X Contract – ‘Territory:Hours’ Album Review

x contract

“What if you stopped looking at the clock… Maybe others would start looking up…”

Pasted on the inside of the album sleeve for X Contract’s ‘Territory: Hours’, this enigmatic statement stands as an interesting introduction to an album that takes Anathema’s ‘judgement’ as its cue (ethereal prog, sublime vocals, occasional bursts of schizophrenic guitar aggression) and drifts, over the course of its twelve tracks, in a mercurial fashion through the realms of Muse, Pink Floyd, Jolly and Porcupine tree. It’s a dreamy, subtle album, unafraid to engage with ambient soundscapes and ambitious passages and it will undoubtedly enthuse listeners who love to be drawn into and absorbed by an album.

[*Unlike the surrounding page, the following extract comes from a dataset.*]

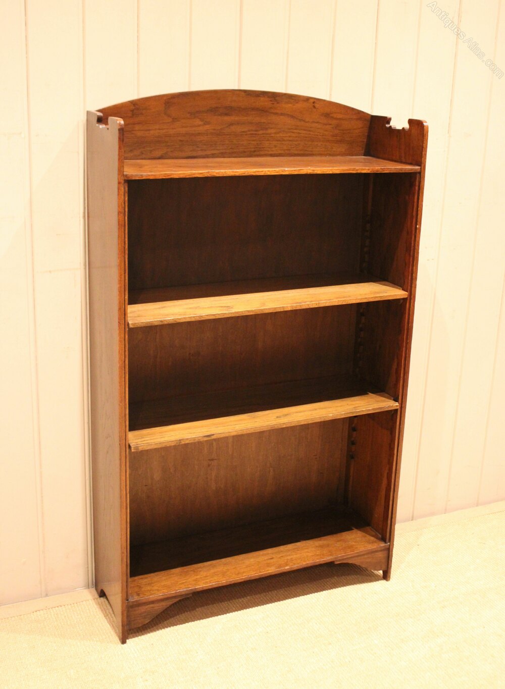 Oak arch top open bookcase having shaped sides with two adjustable shelves , raised on bracket feet .

The album opens softly, with the beautiful ‘frequencies’, a kind of hybrid between Anathema and Muse at their most restrained, with vocals in the upper register and the rich, warm tones of a grand piano leading the listener towards a thunderous roll of drums and the introduction of surging guitars and oddly angular time shifts. It’s a bold start to an album that enjoys playing with perception and it segues neatly into the Jolly-esque ‘In the mist’. There is much to admire about the song, and about the album in general, but surely one of the most important elements here is the band’s instinctive grasp of vocal harmonies matched by few (Spock’s beard come to mind) and delivered by singer Dennis Pedersen and Lars Klit (who also handles lead guitars and keyboards) who both possess honeyed voices that provide the music with much of its ethereal beauty. There is power here too – the guitars burst into life with fire and fury and the percussion (Kasper Viinberg) is often explosive in its delivery. ‘Walk’ cleverly throws some synth flourishes into its otherwise deeply organic sound, providing a familiarly styled track with the band’s own unique spin, and as the guitars slowly appear in the mix the listener is drawn towards an explosive climax rife with emotion and a yearning guitar lead that ably matches the power of the vocals. ‘A way out’ is similarly based around simple elements slowly building up into something truly remarkable – like watching the long ascent of a firework  before it finally bursts into bright, startling life at the end of its journey. Like many of these tracks here, ‘[a way out’ segues directly (and cleverly) into the wistful opening chords of ‘better day’, a song that soon adds Tool to the band’s list of influences with its chugging chords and awkward timing.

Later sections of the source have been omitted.